$X$ has distribution $B (30, 0.6)$. Find $P(X \geq 16)$.
I know how to find $2$ or $3$ numbers where you use combinations and simply add probabilities for each variable. But this value includes $14$ variables and I don't think it wants me to do them all separately.
$Y$ has distribution $B(4, 0.7)$. Three values are chosen at random. Find the probability that their total is $10$.
I don't know the method for this type of question.
On
You have everything to solve the problem. What you need is
$$ P( X \geq 16) = \sum_{k=16}^{n} \binom{n}{k} p^k (1-p)^k $$ which is trivial given you have both $p$ and $n$.

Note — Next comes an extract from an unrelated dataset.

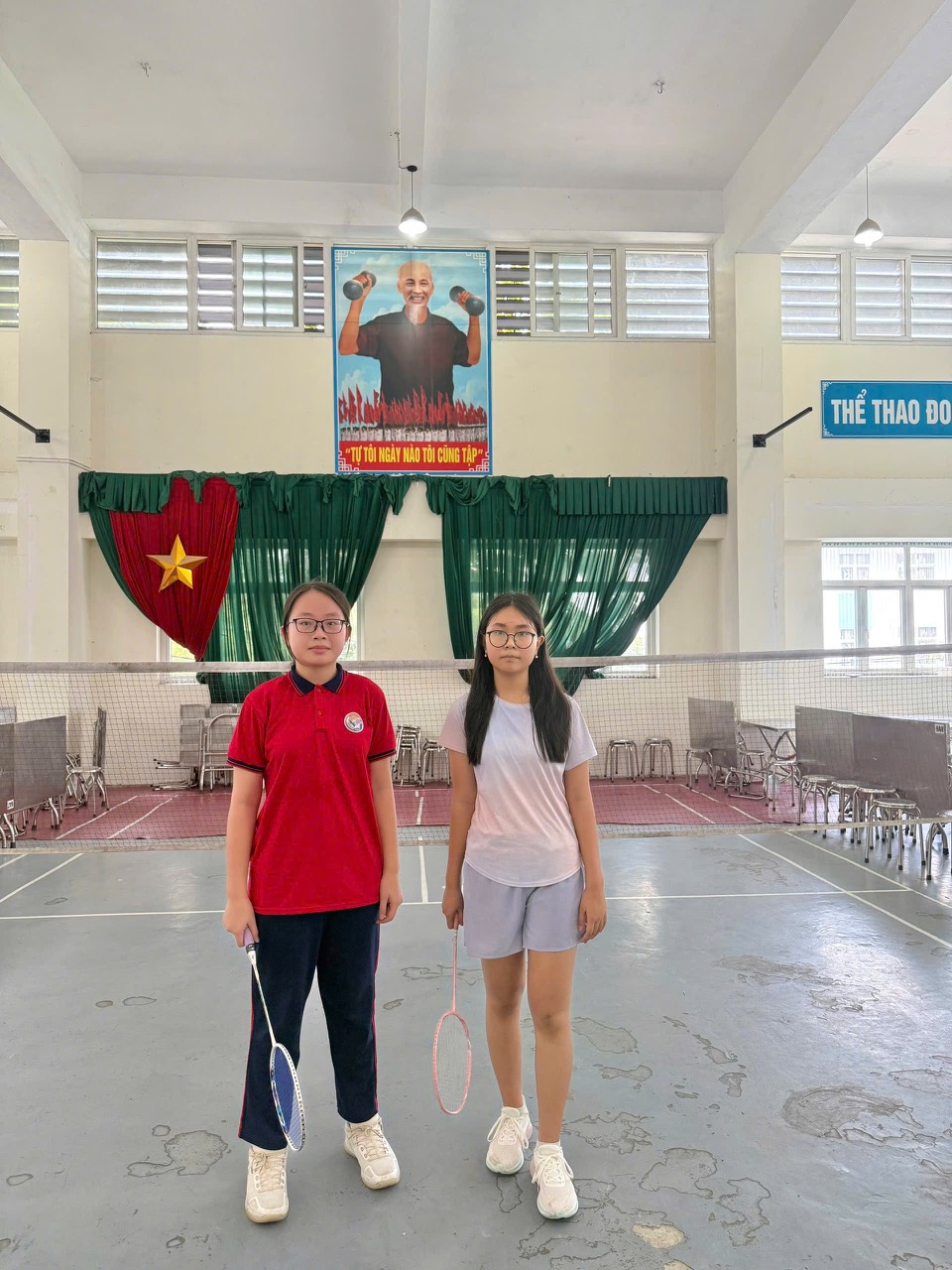 Hai vận động viên tham gia đấu chung kết nữ khối 6 từ lớp 6A7 và 6A10

EDIT for the second problem, think about this: in how many ways can you get $10$ from $0,1,2,3,4$ with three samples with replacement? It's either one $2$ and two $4$ or two $3$ and one $4$. Obviously, the order doesn't matter. Can you find the probability now?

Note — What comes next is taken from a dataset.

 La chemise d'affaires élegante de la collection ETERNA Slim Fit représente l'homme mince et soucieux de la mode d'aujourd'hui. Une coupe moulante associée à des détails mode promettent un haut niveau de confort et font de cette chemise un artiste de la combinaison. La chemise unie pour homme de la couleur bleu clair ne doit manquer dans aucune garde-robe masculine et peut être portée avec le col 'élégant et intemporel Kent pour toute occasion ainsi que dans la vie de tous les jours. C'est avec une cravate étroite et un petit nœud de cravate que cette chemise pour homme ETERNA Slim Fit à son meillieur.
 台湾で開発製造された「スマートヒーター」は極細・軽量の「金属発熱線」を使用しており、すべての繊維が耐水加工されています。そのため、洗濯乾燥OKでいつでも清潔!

For first question, are you expected to approximate the probability using normal distribution? The distribution of $X$ is approximately normal, with the same mean and variance as the $B$, i.e. $$X'\sim N[30\times.6, 30\times.6\times(1-.6)].$$ Then find (or look up) the probability $P(X'\ge15.5)$.
More: When $n$ is large enough and $p$ is not close to $0$ nor $1$, binomial distribution can be approximated by a normal distribution. (For the criteria of "enough" see Wikipedia page)

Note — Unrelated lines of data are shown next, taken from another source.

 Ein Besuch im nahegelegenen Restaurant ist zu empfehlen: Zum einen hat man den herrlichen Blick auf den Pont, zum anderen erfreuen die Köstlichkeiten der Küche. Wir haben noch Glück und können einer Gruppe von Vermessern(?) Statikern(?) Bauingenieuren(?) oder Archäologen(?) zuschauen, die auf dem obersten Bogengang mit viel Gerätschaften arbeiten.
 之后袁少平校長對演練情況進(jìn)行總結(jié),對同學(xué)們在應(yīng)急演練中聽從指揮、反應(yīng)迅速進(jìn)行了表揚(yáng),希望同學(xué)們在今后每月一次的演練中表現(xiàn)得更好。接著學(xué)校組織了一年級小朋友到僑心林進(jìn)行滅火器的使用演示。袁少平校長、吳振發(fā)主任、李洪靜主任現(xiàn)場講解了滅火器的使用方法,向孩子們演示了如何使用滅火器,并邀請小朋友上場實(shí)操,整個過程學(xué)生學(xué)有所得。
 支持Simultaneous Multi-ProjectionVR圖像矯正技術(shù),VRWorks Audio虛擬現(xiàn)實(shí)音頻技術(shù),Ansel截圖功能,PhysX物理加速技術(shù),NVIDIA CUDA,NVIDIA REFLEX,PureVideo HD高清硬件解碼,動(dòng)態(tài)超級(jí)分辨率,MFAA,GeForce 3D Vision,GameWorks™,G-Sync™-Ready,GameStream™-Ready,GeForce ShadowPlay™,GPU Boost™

If $X\sim B(n,p)$, then the mean of $X$ is $np$ and the variance of $X$ is $np(1-p)$. This pair of value can be supplied to form an approximate normal distribution:
$$X'\sim N\left(\mu=np, \sigma^2 = np(1-p)\right)$$
Then, with a slight continuity correction (binomial distribution is discrete but normal distribution is continuous), the required probability can be found as
$$P(X\ge16)\approx P(X'\ge15.5)=P\left(Z\ge\frac{15.5-np}{\sqrt{np(1-p)}}\right)$$
This is usually found by looking up $Z$-table or numerical integration.
If $Y_1+Y_2+Y_3=10$, then the possible values of the $Y_i$'s are $$(2,4,4),(3,3,4),(3,4,3),(4,2,4),(4,3,3),(4,4,2)$$ Find the probability of each case, and sum.